I've just started seeing this appearing in our server logs...
/P/2112/FBA73F59E6F7E78CCFF29DD8BDF46ECCAE5B73145E023BFB207C971E835645245C62CA0296DA6CDA4E62613A9C10C0DADBA941D2AD68005E57EFDC84A8ECD0ADC37C0214AD76755E48D6D1BAABF
It goes on and on for a while. In fact that's less than 10% of just one such event and there are many similar events.
I'm suspecting some attempted hack since we have no folder named "/P/" on our server.
Does anyone recognise this?
BTW, the reason I was looking at the logs at that time was that our server had just crashed, and I can't help wondering if it's related.

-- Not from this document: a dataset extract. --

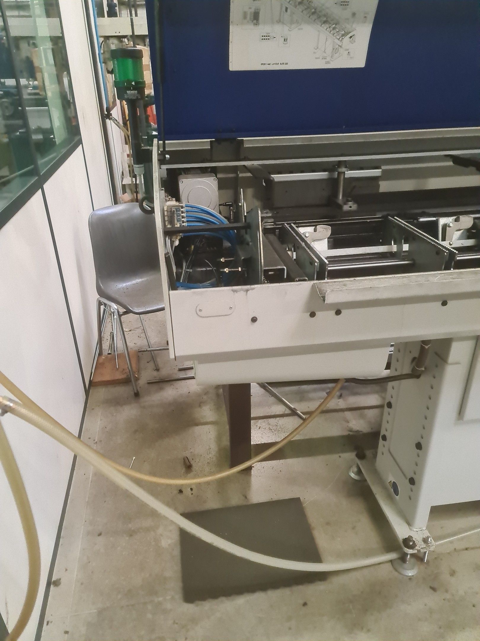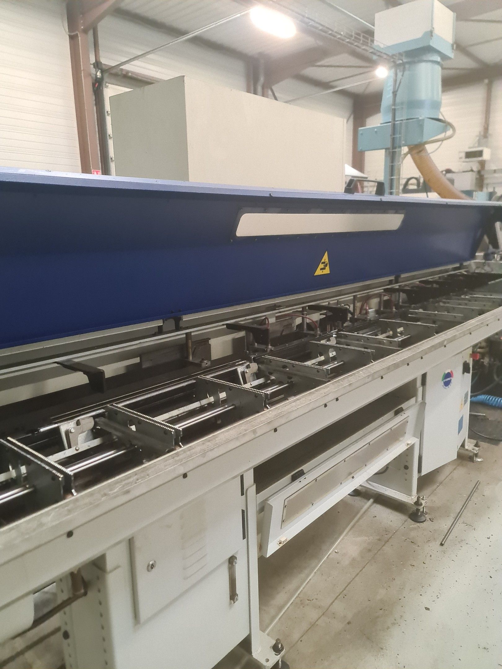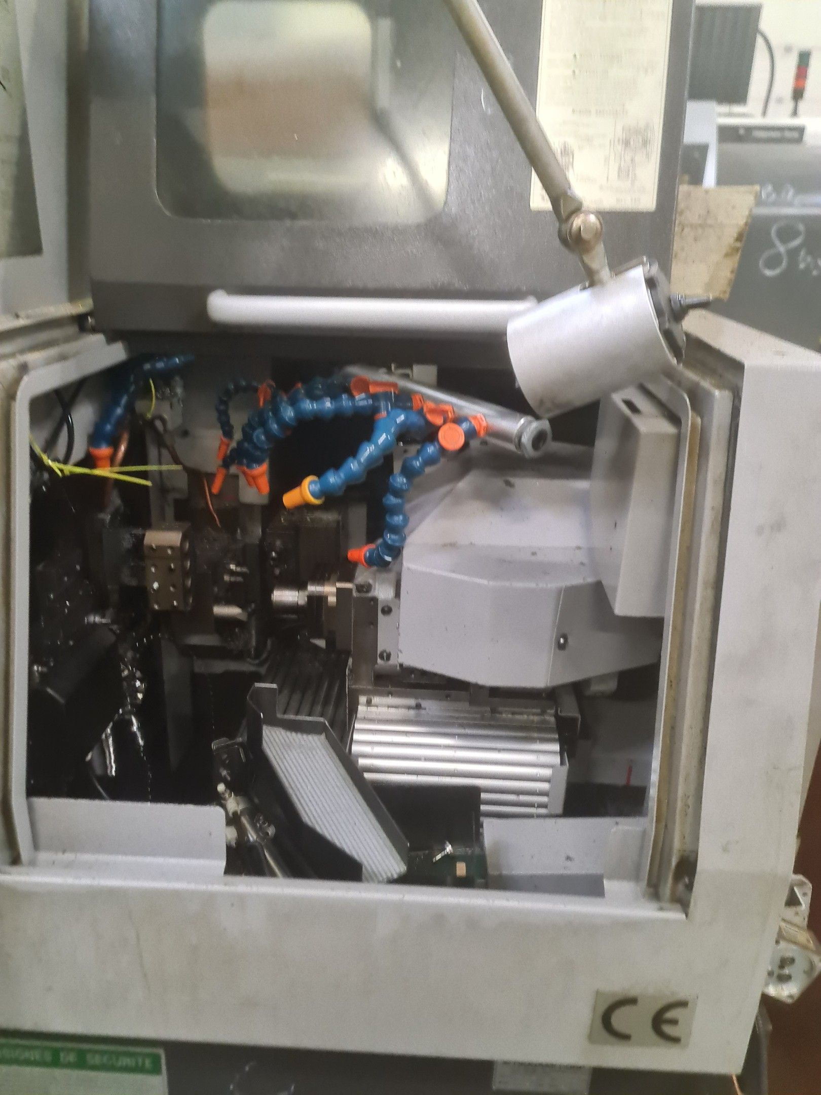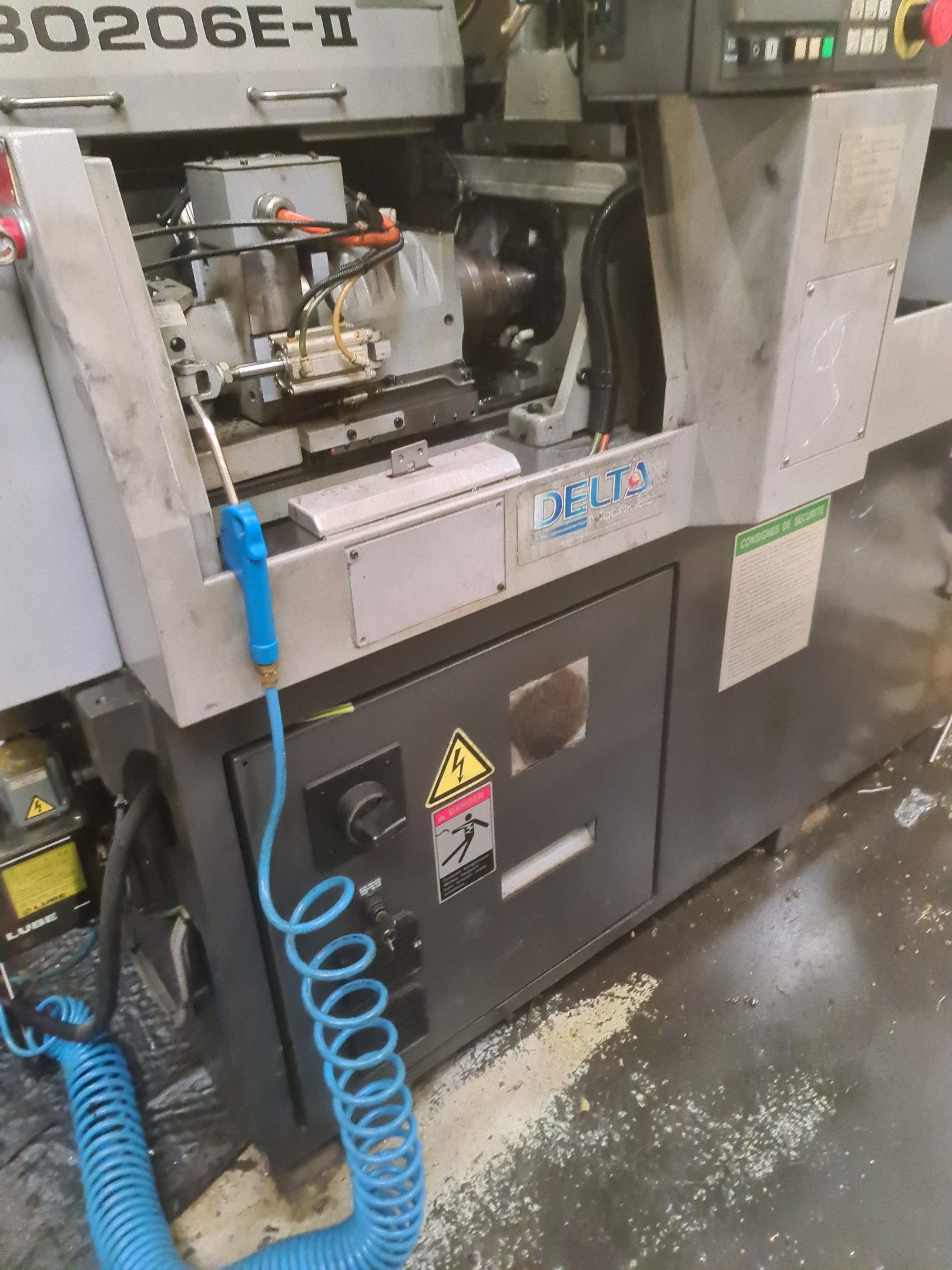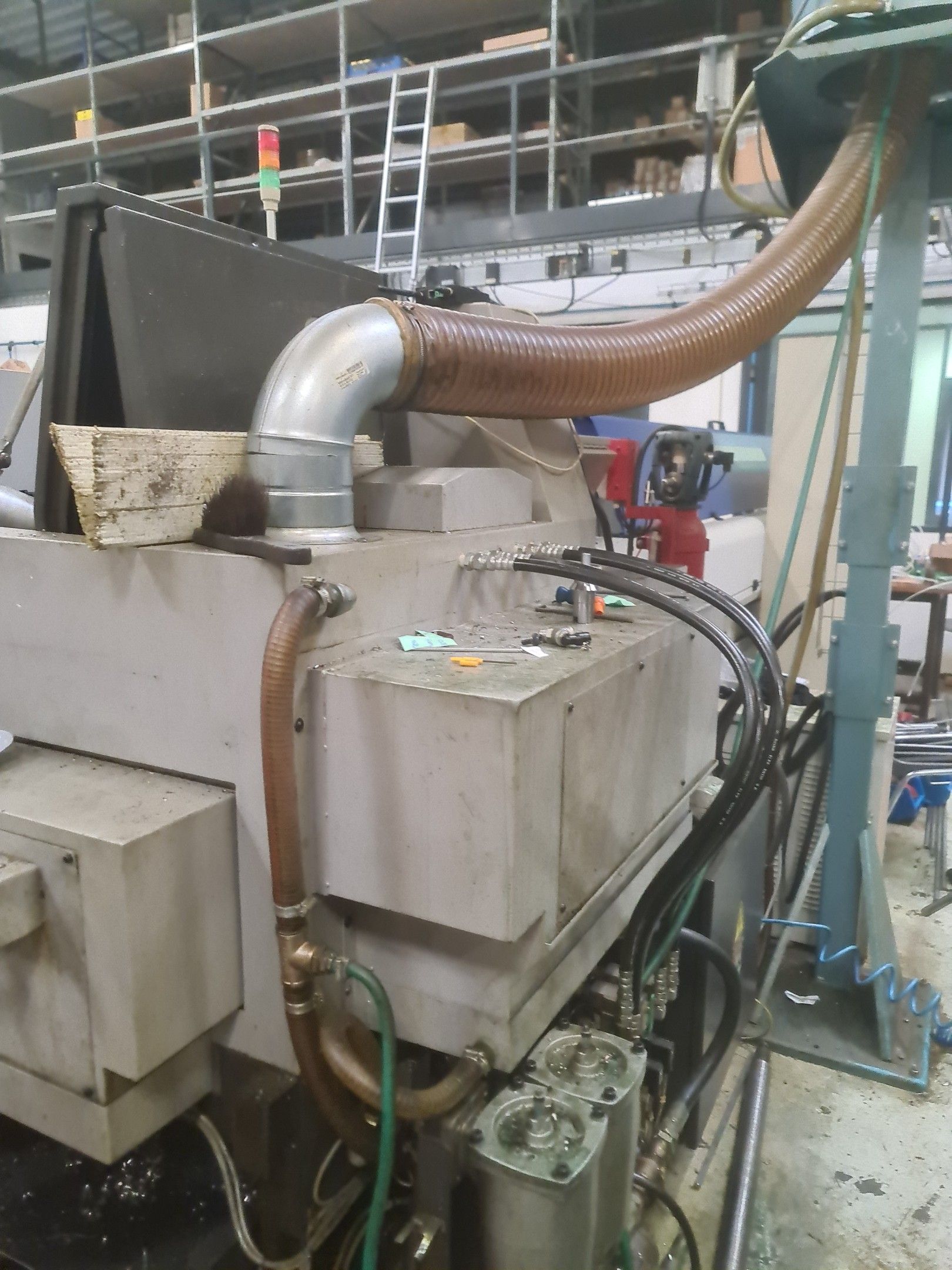 a TSUGAMI machining centre model BO206E-II, year 2014 with Fanuc Series 32i numerical control, model B, a suction system, a 2013 IEMCA Elite 220 bar feeder, a red metal sideboard, a metal cupboard, spout trays, tubes and metal parts.

The server is Apache/2.0.54 (Unix) PHP/4.4.2 mod_ssl/2.0.54 OpenSSL/0.9.7a JRun/4.0
Looks like a buffer overflow shellcode attack. I'd expect that the URL is at least 4096 chars long. The HTTP RFC does not specify a maximum URL length, although there are implicit limitations on most of the major servers, so the attacker may be attempting to cause a buffer overflow.
I'd make sure you've read the release notes for your current web server, and check that there are no outstanding security issues.
What's the source IP? Possible that it's some kind of DoS attack or attempt at a buffer overflow. Can you post the entire line?